What you are asked to do
Would you find each line in the entries below with the string "brown" and copy it?
-*-*-
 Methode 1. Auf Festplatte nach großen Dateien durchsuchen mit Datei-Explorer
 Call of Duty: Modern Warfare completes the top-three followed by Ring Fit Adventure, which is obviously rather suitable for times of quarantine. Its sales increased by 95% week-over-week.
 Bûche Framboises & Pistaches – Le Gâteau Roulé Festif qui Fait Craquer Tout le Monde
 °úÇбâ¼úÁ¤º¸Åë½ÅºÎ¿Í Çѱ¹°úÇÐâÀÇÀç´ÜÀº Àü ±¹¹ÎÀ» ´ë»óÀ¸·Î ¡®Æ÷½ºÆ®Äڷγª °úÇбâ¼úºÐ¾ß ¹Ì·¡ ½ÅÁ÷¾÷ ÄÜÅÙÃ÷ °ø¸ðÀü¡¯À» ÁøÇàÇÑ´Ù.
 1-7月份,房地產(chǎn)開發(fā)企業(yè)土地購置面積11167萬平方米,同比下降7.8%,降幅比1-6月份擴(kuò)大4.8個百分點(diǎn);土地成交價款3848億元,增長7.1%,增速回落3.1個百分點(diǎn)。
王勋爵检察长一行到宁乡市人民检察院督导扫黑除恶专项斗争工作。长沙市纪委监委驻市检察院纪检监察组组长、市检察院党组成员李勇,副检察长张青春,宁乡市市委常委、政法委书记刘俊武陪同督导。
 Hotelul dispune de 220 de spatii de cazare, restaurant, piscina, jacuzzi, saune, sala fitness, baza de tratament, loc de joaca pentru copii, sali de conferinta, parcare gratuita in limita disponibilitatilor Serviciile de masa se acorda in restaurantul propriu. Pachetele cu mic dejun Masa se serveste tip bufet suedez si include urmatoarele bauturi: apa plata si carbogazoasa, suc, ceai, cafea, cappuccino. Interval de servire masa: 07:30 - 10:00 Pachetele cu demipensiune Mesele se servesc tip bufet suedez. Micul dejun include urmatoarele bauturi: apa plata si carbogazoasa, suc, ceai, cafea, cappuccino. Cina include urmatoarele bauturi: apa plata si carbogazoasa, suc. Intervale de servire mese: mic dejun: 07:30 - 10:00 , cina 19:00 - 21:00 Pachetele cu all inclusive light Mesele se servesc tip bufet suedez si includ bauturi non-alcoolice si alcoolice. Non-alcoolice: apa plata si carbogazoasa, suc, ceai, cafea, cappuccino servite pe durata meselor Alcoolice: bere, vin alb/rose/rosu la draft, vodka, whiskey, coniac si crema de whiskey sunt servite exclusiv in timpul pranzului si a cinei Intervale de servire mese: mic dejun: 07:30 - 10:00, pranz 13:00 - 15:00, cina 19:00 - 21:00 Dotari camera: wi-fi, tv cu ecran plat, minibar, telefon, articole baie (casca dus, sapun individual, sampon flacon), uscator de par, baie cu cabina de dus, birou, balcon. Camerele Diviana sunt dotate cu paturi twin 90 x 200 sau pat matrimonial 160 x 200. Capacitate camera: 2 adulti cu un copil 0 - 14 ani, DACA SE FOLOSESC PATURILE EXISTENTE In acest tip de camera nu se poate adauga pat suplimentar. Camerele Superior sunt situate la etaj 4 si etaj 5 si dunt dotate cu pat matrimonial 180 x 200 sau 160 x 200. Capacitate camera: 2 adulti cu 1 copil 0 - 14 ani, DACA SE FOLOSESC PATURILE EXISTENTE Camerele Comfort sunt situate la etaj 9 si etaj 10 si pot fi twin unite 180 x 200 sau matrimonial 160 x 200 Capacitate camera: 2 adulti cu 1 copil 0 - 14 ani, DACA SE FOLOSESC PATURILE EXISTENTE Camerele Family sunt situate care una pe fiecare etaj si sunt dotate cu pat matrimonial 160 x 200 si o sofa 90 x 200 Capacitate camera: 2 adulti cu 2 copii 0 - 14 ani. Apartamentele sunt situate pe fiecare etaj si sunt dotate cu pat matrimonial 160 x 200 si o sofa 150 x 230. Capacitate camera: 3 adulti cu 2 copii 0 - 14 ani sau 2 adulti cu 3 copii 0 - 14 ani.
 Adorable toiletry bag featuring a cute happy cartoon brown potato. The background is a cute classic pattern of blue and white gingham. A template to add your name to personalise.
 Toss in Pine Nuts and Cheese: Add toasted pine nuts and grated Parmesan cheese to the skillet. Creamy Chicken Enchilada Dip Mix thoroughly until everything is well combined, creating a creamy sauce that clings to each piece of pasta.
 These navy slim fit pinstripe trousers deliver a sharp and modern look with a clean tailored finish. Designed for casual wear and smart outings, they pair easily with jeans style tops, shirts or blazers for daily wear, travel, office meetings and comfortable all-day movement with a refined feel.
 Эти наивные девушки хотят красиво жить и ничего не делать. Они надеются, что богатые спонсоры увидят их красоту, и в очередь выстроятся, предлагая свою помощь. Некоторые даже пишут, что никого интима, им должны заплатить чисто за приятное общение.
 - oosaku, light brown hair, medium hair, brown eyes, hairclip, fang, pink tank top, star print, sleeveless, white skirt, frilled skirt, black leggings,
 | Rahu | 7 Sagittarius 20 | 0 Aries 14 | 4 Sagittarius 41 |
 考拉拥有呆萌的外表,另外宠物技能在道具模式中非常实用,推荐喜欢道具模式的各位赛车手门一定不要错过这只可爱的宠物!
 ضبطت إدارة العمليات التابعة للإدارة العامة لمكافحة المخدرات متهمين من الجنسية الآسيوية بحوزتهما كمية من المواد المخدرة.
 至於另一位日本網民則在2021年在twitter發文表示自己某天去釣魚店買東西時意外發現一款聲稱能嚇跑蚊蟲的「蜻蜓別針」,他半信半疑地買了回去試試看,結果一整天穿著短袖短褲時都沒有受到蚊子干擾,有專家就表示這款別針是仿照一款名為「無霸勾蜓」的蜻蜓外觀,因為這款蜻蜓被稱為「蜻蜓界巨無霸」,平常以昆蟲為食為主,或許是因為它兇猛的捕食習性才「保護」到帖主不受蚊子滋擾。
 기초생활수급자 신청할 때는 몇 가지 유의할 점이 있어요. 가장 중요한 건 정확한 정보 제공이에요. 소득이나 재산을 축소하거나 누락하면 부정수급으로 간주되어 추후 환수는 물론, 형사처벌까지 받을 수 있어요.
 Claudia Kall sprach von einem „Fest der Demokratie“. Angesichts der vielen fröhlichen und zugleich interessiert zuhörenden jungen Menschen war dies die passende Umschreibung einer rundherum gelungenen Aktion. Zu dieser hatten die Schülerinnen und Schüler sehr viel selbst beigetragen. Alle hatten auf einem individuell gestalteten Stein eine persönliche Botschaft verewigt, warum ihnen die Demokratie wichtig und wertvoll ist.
-*-*-
Answer to this exercise
 Adorable toiletry bag featuring a cute happy cartoon brown potato. The background is a cute classic pattern of blue and white gingham. A template to add your name to personalise.
 - oosaku, light brown hair, medium hair, brown eyes, hairclip, fang, pink tank top, star print, sleeveless, white skirt, frilled skirt, black leggings,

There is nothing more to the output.